A genuine theory of ID would also make testable predictions. Without testable predictions, you don’t have a theory. A genuine theory of ID would also include genuine experimental results.
Who Can Successfully Control Antibiotic Resistance?
Antibiotic and antimicrobial resistant organisms present a golden opportunity for ID to prove itself. ID proponents could successfully provide evidence that ID exists by predicting how to control antibiotic resistant bacteria in a way that is different from the ways predicted by evolution by natural selection.
If ID promoters then do the experiments in the lab showing how they can control antimicrobial resistance using predictions made exclusively by ID, then they will have convincingly shown evidence for their case.
What we have found thus far, however, is that evolution by natural selection both predicts these problems, and shows us ways of dealing with them. ID has done neither.
In fact, in the more than twenty years that ID has been in existence, none of its promoters has run a single experiment. The only thing they’ve run is their mouths. They’ve had lots of money, but they still haven’t produced a single experimental result. Remember, the Discovery Institute doesn’t even own a microscope.
During this time, evolutionary biology has racked up hundreds more papers showing good evidence for evolution by natural selection. In fact, evolution now has 150 years of scientific evidence to back it up. What’s more, the theory of evolution by natural selection has led to medical breakthroughs.

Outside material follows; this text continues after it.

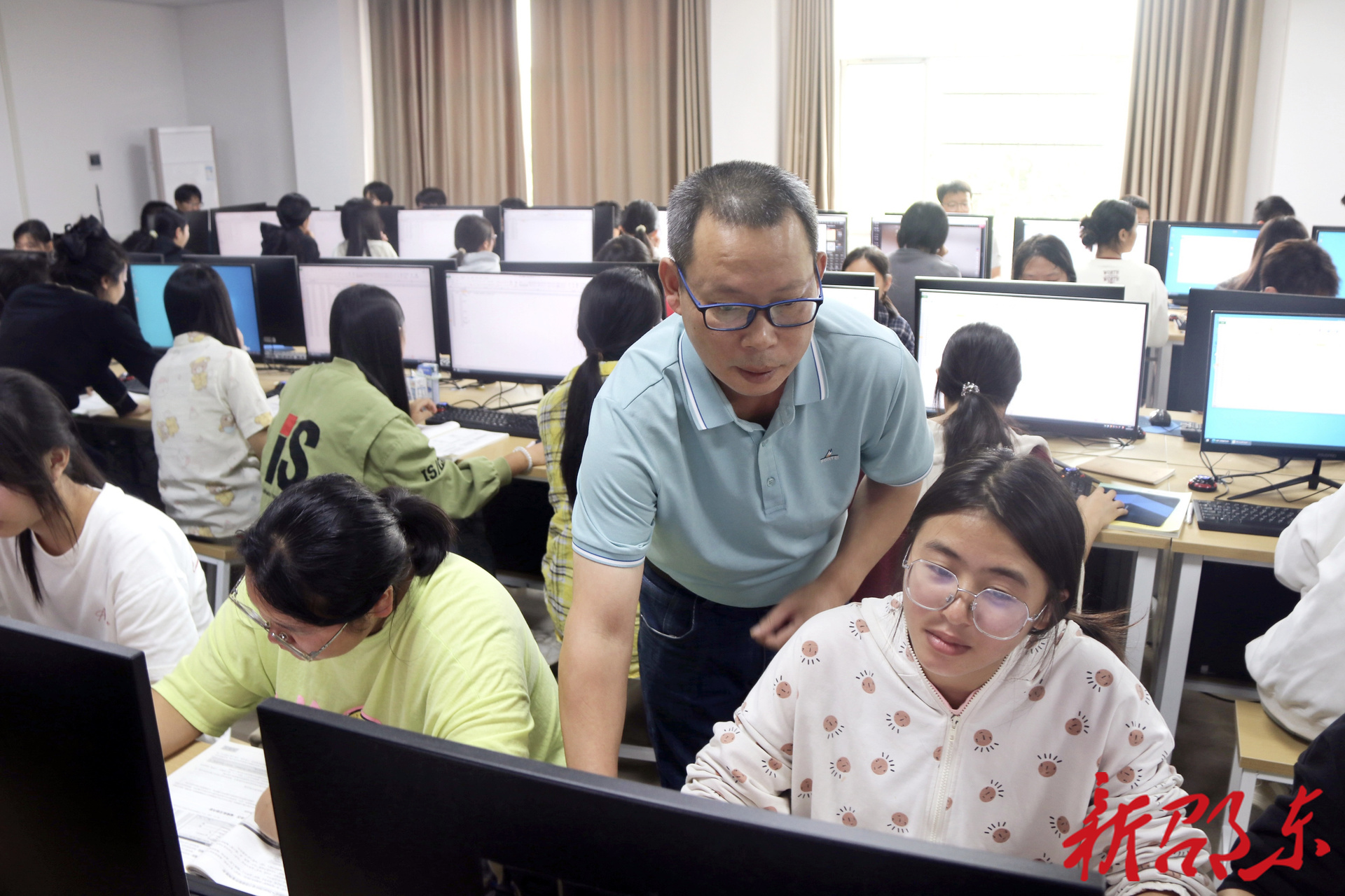 新邵东客户端10月10日讯(记者 邱文丽)9月23日,在邵东市职业中专学校的实训机房内,刘红新正穿行于一排排电脑之间,耐心指导学生进行计算机操作。

Evolutionary Theory Leads to Medical Breakthroughs
Scientific breakthroughs have resulted from accepting that evolution by natural selection is true. Evolution by natural selection has helped researchers find new treatments for cancer.67
Evolution by natural selection has helped researchers discover a new hormone. In fact, “Darwin led us to this new hormone,” said Aaron Hsueh, PhD, an endocrinologist and professor of obstetrics and gynecology, whose laboratory discovered an important appetite-suppressing hormone. His research was sponsored by Johnson & Johnson Pharmaceutical Research and Development, LLC.68
ID has not helped in either cancer research or hormone research.
Follow the Money
If ID is so right, then why don’t big drug companies and big agricultural companies do research that’s based on it?
Follow the money. Pharmaceutical and agricultural research companies solve problems and make money when they make predictions using evolutionary biology. They risk their money on research based on evolution by natural selection. They don’t risk their money on ID. Why? Because it’s not science. It doesn’t make predictions. Its only product is uncertainty. Medical breakthroughs based on ID do not exist.
Pharmaceutical and agricultural companies are in business to make a profit, and will invest in just about anything that they think will work. They are not part of a government plot, an atheist plot, or anything else. They just want good, usable results, and they will use whatever methods produce them. ID doesn’t produce them. Drug and agriculture companies are in business to make money, and the smart money is behind evolution-based, real science.
Always remember: the only thing that ID produces is uncertainty. Who do you want to go with, ID promoters who only manufacture “uncertainty,” or the evolutionary biologists, who get real, useful results?